Across Africa, regulatory frameworks around AI are still forming. Nigeria’s National Information Technology Development Agency (NITDA) has been developing an AI policy framework, and the broader African Union is working toward harmonized AI governance under its Digital Transformation Strategy 2030. Businesses implementing agentic systems now should document their architectures, define accountability clearly, and build compliance into the workflow from the start.
Building the Internal Capability
Technical infrastructure is only part of the equation. Microsoft’s AI National Skills Initiative in Nigeria has trained over 350,000 Nigerians with AI skills, with a specific focus on agentic AI applications in fintech and public services. The program’s Agentic AI hackathon produced working prototypes in document verification, risk assessment, and fraud detection. These are areas where the underlying workflow logic is clear enough for agents to operate effectively.
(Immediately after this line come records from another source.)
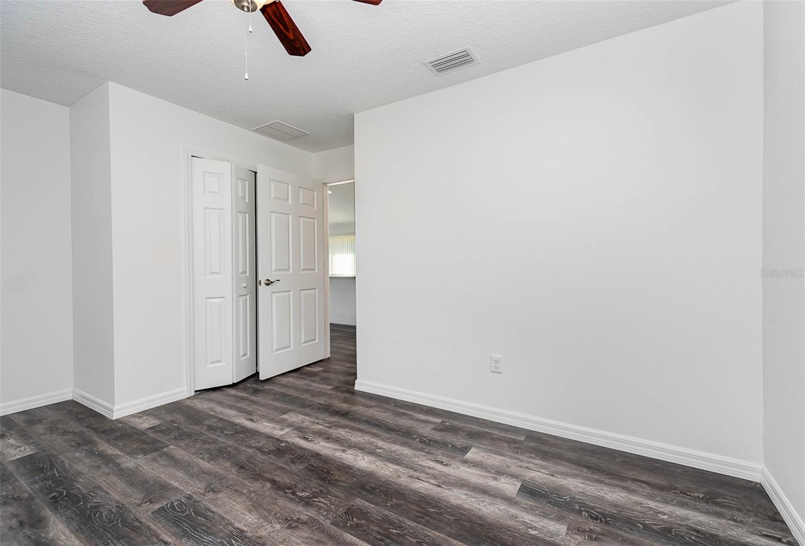 This charming single-family home is a fantastic investment, currently leased through July 15, 2025, at $1,390 per month. Boasting luxury vinyl wood flooring throughout, this home offers a stylish and low-maintenance living space. The modern kitchen features white cabinetry, granite countertops, and an open layout, perfect for entertaining. The split floorplan provides privacy, with the primary bedroom offering a walk-in closet and an en-suite bathroom for added convenience. Interior photos are of the model home and showcase a similar layout, though with darker flooring. Don't miss out on this turnkey investment with immediate rental income!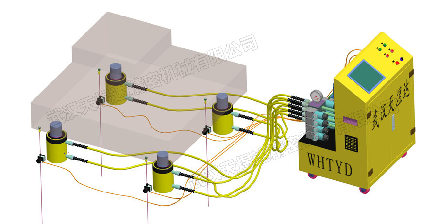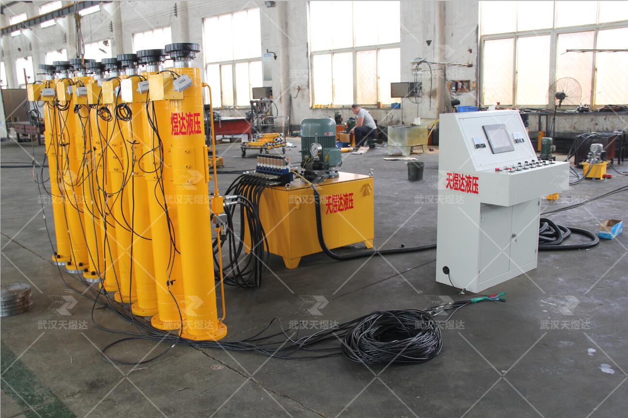 依据位移传感器和压力传感器反应数据到PLC控制设备,通过人机操作界面设定PLC电脑,从而PLC计算机自动操控电动液压泵站和千斤顶,从而对各种大型、重型的重物起、降和定位,使用于重量分部不均的重物。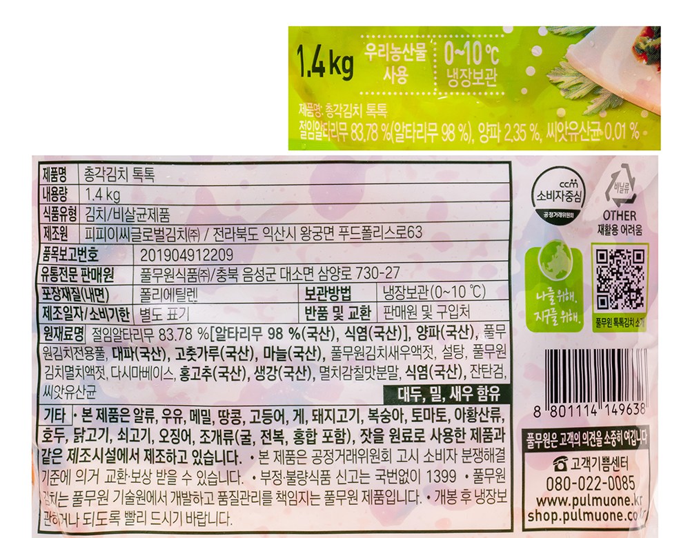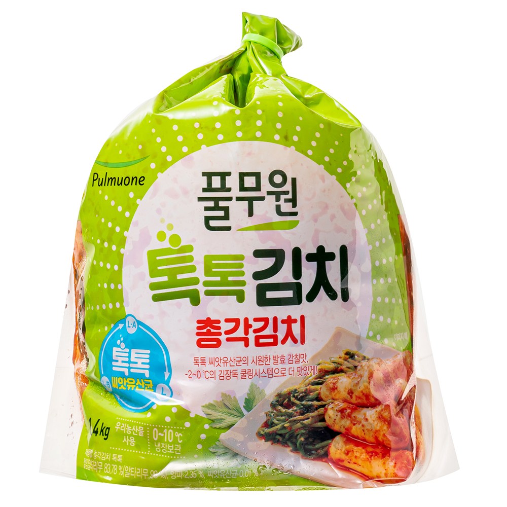 풀무원 톡톡 총각김치를 소개드릴게요. 옛 선조들의 지혜가 담긴 김장독 원리를 톡톡히 활용하여 담가 그 맛이 더욱 일품이에요. 김치 원료의 첫 입고부터, 직접 받아 보시는 배송 단계까지 일정한 온도에서 보관하는 김장독 쿨링 시스템(Cooling System)을 적용했기 때문에 어린 알타리무와 무 줄기까지 모두 오래오래 신선하고 아삭해요. 게다가 사이다의 탄산처럼 혀끝에서 톡톡 터지는 ‘씨앗 유산균’이 함유되어있어 무척 깔끔하고 시원하답니다. 믿음직스럽고 건강한 톡톡 총각김치로 청량하고 아삭한 맛을 경험해보세요.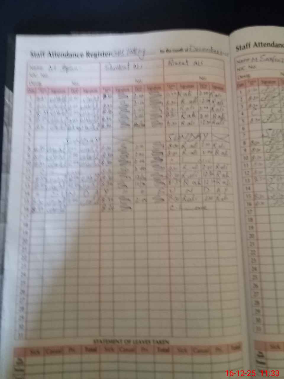 | CNIC | Full Name | Designation | R/C | Absence During Last Calender Month |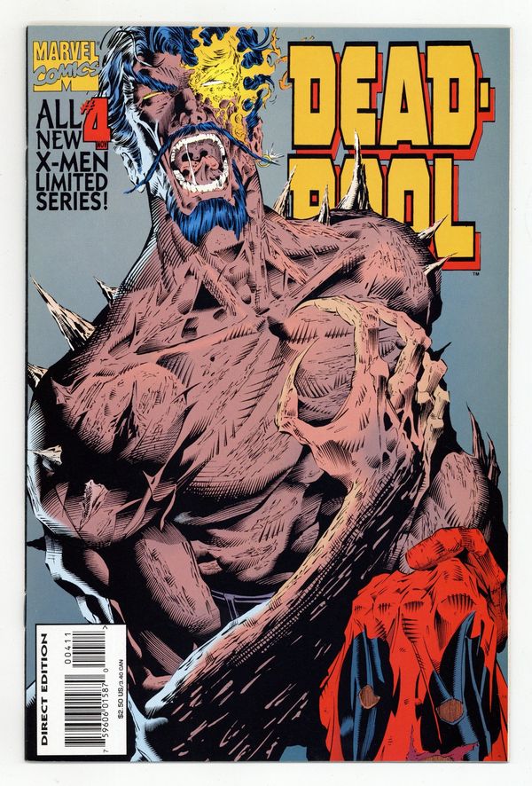 Direct Edition. Cover pencils by Ian Churchill, inks by Bud LaRosa. Mano a Mano, script by Mark Waid, pencils by Ian Churchill and Ken Lashley, inks by Bud LaRosa, Tom Wegrzyn, Philip Moy, and W. C. Carani; DP, Siryn and Banshee battle Juggernaut and Black Tom, who has been fitted with Pool's severed hand; As Killebrew's solution to Tom's condition takes a turn for the worse, the heroes and villains cease hostilities as Black Tom is taken in for medical help by Banshee; Deadpool makes off with Killebrew, the man who created him for Weapon X, so the good doctor can find out why his healing factor is failing. Cover price $2.50.

This points to a broader principle. Staff who understand the workflow being automated are essential collaborators in building the agent. Business users who can articulate process logic, identify edge cases, and define acceptable outcomes are not passengers in an IT project; they are designers. Businesses that treat agentic implementation as purely a technology decision tend to build systems that work in test environments and break in production.
Training staff to use AI tools effectively, building internal communities around shared prompts and use cases, and giving teams room to iterate — these aren’t soft add-ons. They are implementation requirements.
The Realistic Trajectory
Gartner projects that 15 percent of day-to-day work decisions will be made autonomously by agentic systems by 2028, up from essentially none in 2024. That trajectory is steep, but it doesn’t mean every organization should be racing toward autonomy. It means organizations that start building capability now, with clear use cases, clean data, and proper governance, will be positioned to extend that capability as the technology matures and as confidence in agent reliability grows.
For African businesses, there is a genuine leapfrog opportunity here. Many sectors on the continent — financial services, healthcare logistics, agri-commerce, public administration — are operating with process bottlenecks that agentic systems are well-suited to address. Unlike earlier waves of enterprise technology, today’s agentic platforms are increasingly accessible to businesses without large IT departments, through managed services and low-code tools.
The implementation path is not simple, but it is tractable. Identify a bounded process. Audit the data. Define what success looks like. Build a pilot with human oversight. Measure it. Then expand. That sequence is less dramatic than the pitch material tends to suggest, but it is the one that produces results.